I dati – elaborati dall’ufficio Statistica dell’Ente camerale, in occasione dell’8. Giornata dell’Economia promossa da Unioncamere - sono stati resi noti questa mattina al Palazzo camerale, nel corso di una conferenza stampa, alla quale hanno preso parte il presidente ed il segretario generale della Camera di commercio, rispettivamente Nino Messina e Vincenzo Musmeci, il dirigente Area IV, Rita Todaro, e il funzionario direttivo responsabile dell’ufficio Statistica, Agnese De Salvo. La maggior parte delle imprese iscritte – ben 13.563 - riguardano il settore del commercio al dettaglio (escluso quello di autoveicoli e motocicli), seguite da quelle che operano nel settore delle costruzioni e da quelle che si occupano di coltivazioni agricole e di prodotti animali, caccia e servizi connessi. In provincia, il più basso numero di imprese si registra a Roccafiorita (24) e il più alto a Barcellona (3.917). Sempre secondo i dati di Movimprese, la provincia messinese è la terza per numero di imprese esistenti nel territorio, dopo Catania e Palermo, con una fetta corrispondente al 13% del totale della Sicilia.
“Il sistema imprenditoriale è cresciuto qualitativamente – afferma il presidente Messina – infatti, la tendenza in aumento per le società di capitale e in diminuzione per le ditte individuali hanno creato uno ispessimento del tessuto imprenditoriale, anche se tali trasformazioni di tipo strutturale non hanno ancora inciso in maniera significativa sul mercato del lavoro”.
“Sono sempre le micro-piccole imprese con prevalente vocazione per il terziario ed in particolare per il commercio che costituiscono il settore più corposo - prosegue il segretario generale Musmeci - il quale da solo, copre un terzo di tutte le attività economiche provinciali. Settore che sicuramente non può essere trascurato per il ruolo essenziale che riveste nel nostro territorio e perché la sua crescita è una delle poche possibilità che può aumentare il livello occupazionale locale”.

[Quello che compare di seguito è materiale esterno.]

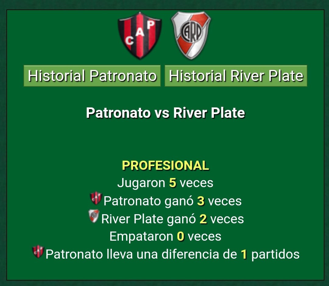 Patronato 2-1 River Plate Liga Profesional. El partido presenta una particularidad en su corto historial ya que Patronato supera a River luego de haberse enfrentado cinco veces con tres triunfos contra dos ya que ganó en Núñez por 3-1. History River Plate vs Patronato In total the two teams have met 7 times Patronato dominates the record with 4 wins there have been no draws and River has won 3 matches.

Nel 2009, si arresta la crescita rilevata nell’ultimo decennio del numero degli imprenditori extracomunitari: 8 in meno rispetto al 2008. In aumento quelli provenienti dagli altri Paesi europei rispetto a quelli africani. Sempre lo scorso anno, il numero di donne che svolgono attività imprenditoriali nel territorio peloritano si è contratto del 10,5%. In base ai dati dell’Istituto “Guglielmo Tagliacarne”, anche il Prodotto interno lordo pro-capite è diminuito rispetto allo scorso anno: Messina si colloca all’85. posto, dopo Siracusa e Palermo e prima di Ragusa, Caltanissetta e Catania. Tra le province siciliane, comunque, la città dello Stretto risulta essere altamente dotata di infrastrutture, mentre è bassa la dotazione di strutture culturali e ricreative. Per le strutture destinate all’istruzione, infine, la Sicilia è mediamente uguale al dato nazionale, mentre Messina è al di sopra della media. Un dato positivo per la città peloritana si registra anche per le strutture sanitarie.
Infine, se si evidenzia un piccolo calo per quel che concerne il turismo internazionale (Messina si attesta, comunque, la terza meta siciliana scelta dai turisti), il numero dei pernottamenti fa tranquillamente desumere che Messina, con il suo +3,7%, è la provincia nella quale i turisti stranieri hanno preferito soffermarsi maggiormente, tenuto conto della contrazione media regionale registrata nel 2008 (-28%).
Costante, ma al di sotto del dato medio nazionale (meno di 1/3), il consumo di gas metano per uso domestico e riscaldamento per abitante, mentre è da attenzionare il verde pubblico messinese che, per il comune capoluogo, non copre neanche il 2% del territorio.
Per quanto riguarda lo scenario previsionale al 2013, considerati i dati raccolti, si è evidenziato un andamento prevalentemente costante tranne che per il valore aggiunto e l’occupazione che tendenzialmente dovrebbero aumentare i valori passando da una percentuale negativa ad una positiva, anche se bassa.